These strategies can be used to determine the direction of an organization.

However, these strategies do not come without criticism 

It is argued that all the strategies defined by porter may not be suitable for every firm. Sometimes a single strategy adopted would yield results, or a mixture of these would be beneficial. They depend on several variable factors, such as the organizational structures, the skills of employees. control procedures in place etc. (Ouma and Oloko 2017) . Porter's strategies are deemed to be firm-specific only, which addresses alone a specific situation and time. They do not set a guideline for a changing business environment or for businesses that operate in a dynamic environment(Moon, Hur et al. 2014)

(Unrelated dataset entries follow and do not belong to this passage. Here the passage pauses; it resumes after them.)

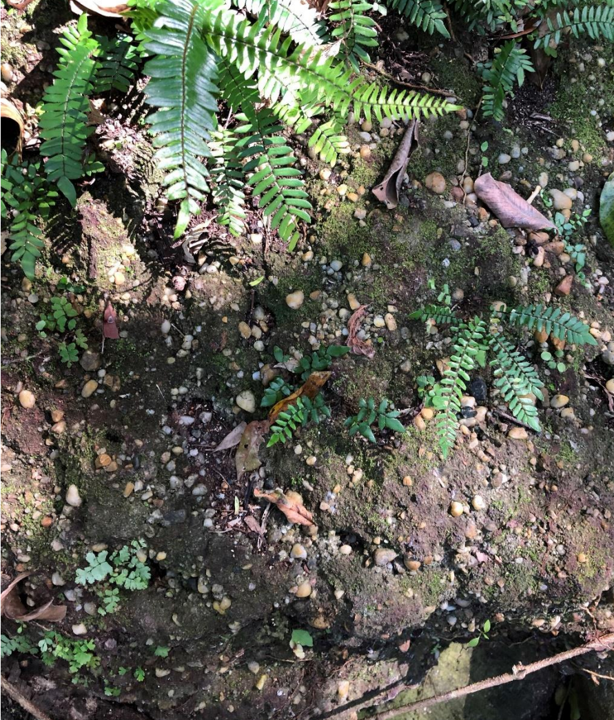
(Left) Maiden's hair fern grows only on rocky, permanently moist areas. Here below a small waterfall in your regeneration area.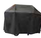
Full-Length Grill Cover CV4PREM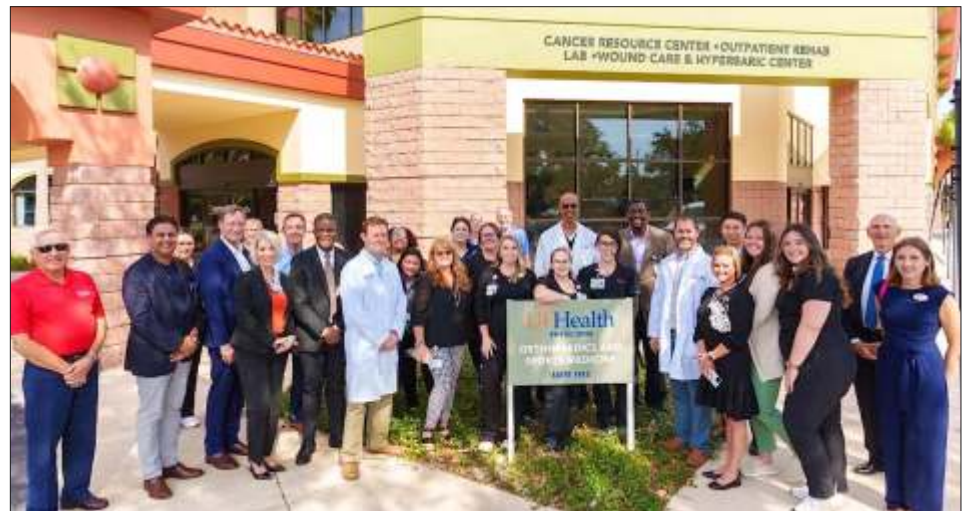
UF Health Orthopedics and Sports Medicine - Spanish Springs officially cut the ribbon for its new office located across the highway from UF Health The

The representative of the Governor said I want to assure you that Kat Cammack is being endorsed by Governor DeSantis. I said endorsing her means having her name on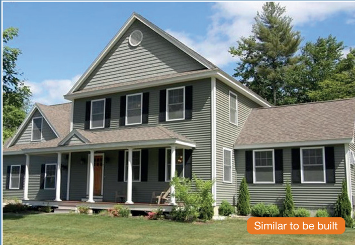
Similar to be built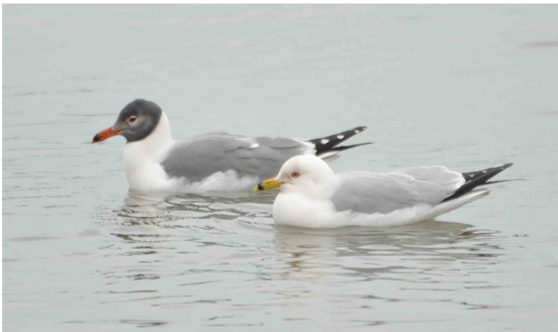
Fig. 4. The "Colonel" and its mate at Calumet Park, IL on 14 April 2012 (Amar 2012). Compare the bird's size and mantle tint with the Ring-billed Gull. Interestingly, the pair was observed copulating, revealing that the Colonel was in fact a female—oops.

The first local report of a hybrid occurred at the KFC lot in spring 2001 and was documented by Walter Marsicz and Tadas Birutis (Amar Ayyash personal comm.). According to Amar this individual was in first-cycle plumage. The identification of this hybrid's parents was strengthened when the USDA Wildlife Service photographed an adult Laughing Gull on a nest in a Ring-billed colony at Lake Calumet in June 2007. This site is about four miles west of the Indiana state line. The nest contained one egg and constituted Illinois's first breeding record for the Laughing Gull ( Meadowlark , A Journal of Illinois Birds, Volume 17, Number 1- fide Walter Marcisz). However, reports of hybrids prior to 2007 clearly indicates that nesting also occurred earlier.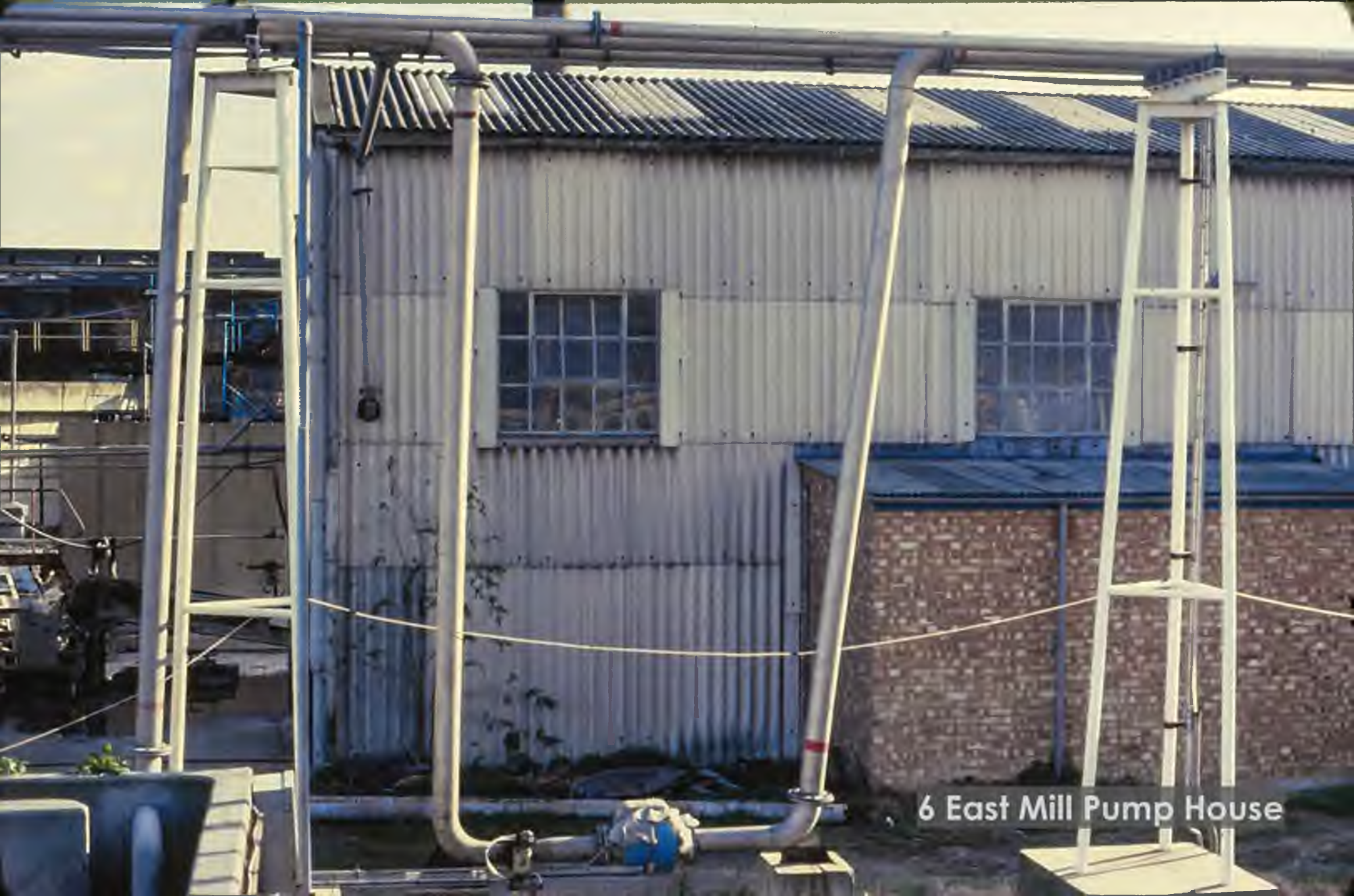
6 East Mill Pump House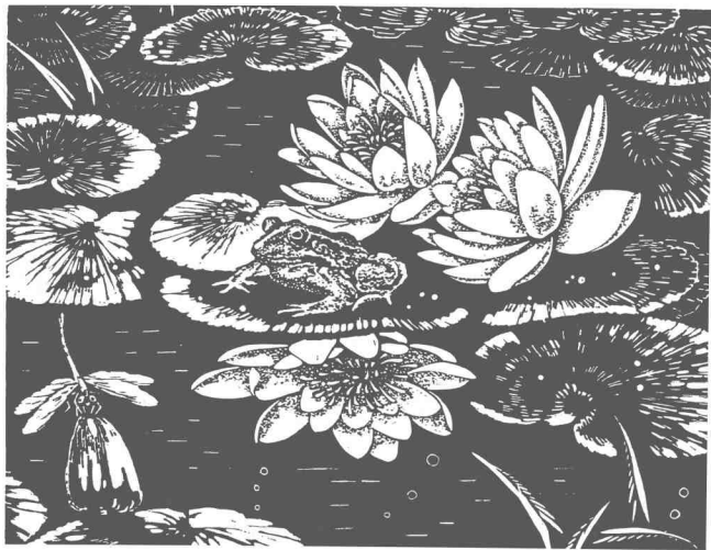
荷塘蛙趣 21.3 × 27.1cm 1981年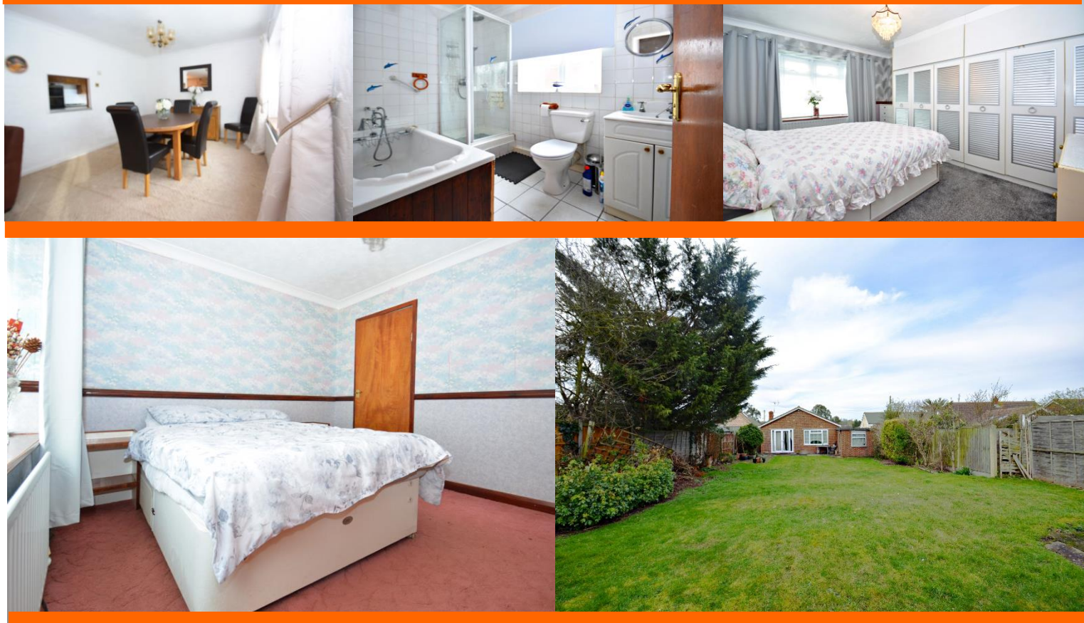
GROUND FLOOR 1189 sq.ft. (110.4 sq.m.) approx.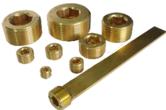
连接配件 connecting accessory

Mechanistic and organic organizations are opposites of organizational structure possibilities. Mechanical organizations are efficient, rigid, predictable, and standardized organizations. Accurately, mechanistic organizations are characterized by a strict hierarchy, high levels of formalization, a heavy reliance on rules, vertical specialization, centralized decision making, and narrowly defined tasks (Hunsaker, 2018). In contrast, organic organizations are flexible, adaptable, and team directed. In particular, organic organizations are characterized by weak or multiple hierarchies; low levels of formalization; loose rules, policies, and procedures; horizontal specialization; decentralized decision making; communication flows in all directions; and fluidity of tasks adaptable to changing conditions. 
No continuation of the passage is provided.